>>
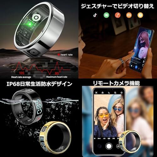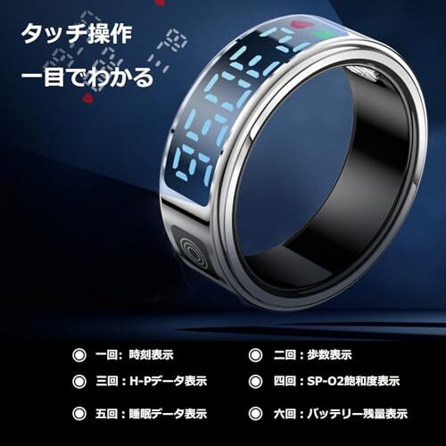 2025 スマートリング スマート指輪 フィットネスリング メンズ 指輪 レディーズ 体調管理 H-R/SP-O2飽和度/睡眠データ 活動量計 歩数計/消費カロリー/距離 防水 ジェスチャーコントロール IOS/Android対応 LED画面 付き
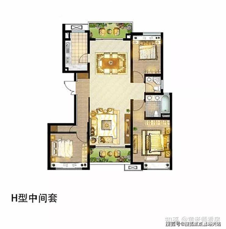 六期高层和五期较为相似,中间套132㎡,边套139-142㎡。
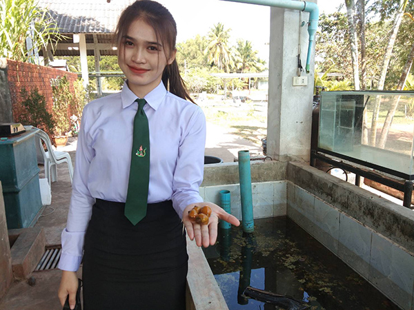 นักศึกษา ว.เกษตรอุดรธานี เพาะหอยสีทอง เลี้ยงแล้วรวย
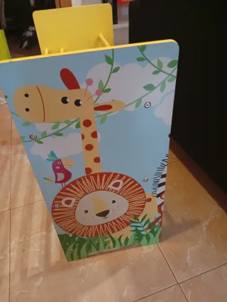 Práctico organizador de juguetes con estructura de madera y cubos de tela. - Estructura de madera amarilla. - Cubos de tela en color amarillo y verde. - Diseño infantil con animales (jirafa, león). - Tres niveles con cuatro cubos en total. -Gancho para collar en pared si se quiere
<<
### TASK TO CARRY OUT
The data shown above must be printed again exactly, with no images included.

### RESPONSE TO THE EXERCISE
 2025 スマートリング スマート指輪 フィットネスリング メンズ 指輪 レディーズ 体調管理 H-R/SP-O2飽和度/睡眠データ 活動量計 歩数計/消費カロリー/距離 防水 ジェスチャーコントロール IOS/Android対応 LED画面 付き
 六期高层和五期较为相似,中间套132㎡,边套139-142㎡。
 นักศึกษา ว.เกษตรอุดรธานี เพาะหอยสีทอง เลี้ยงแล้วรวย
 Práctico organizador de juguetes con estructura de madera y cubos de tela. - Estructura de madera amarilla. - Cubos de tela en color amarillo y verde. - Diseño infantil con animales (jirafa, león). - Tres niveles con cuatro cubos en total. -Gancho para collar en pared si se quiere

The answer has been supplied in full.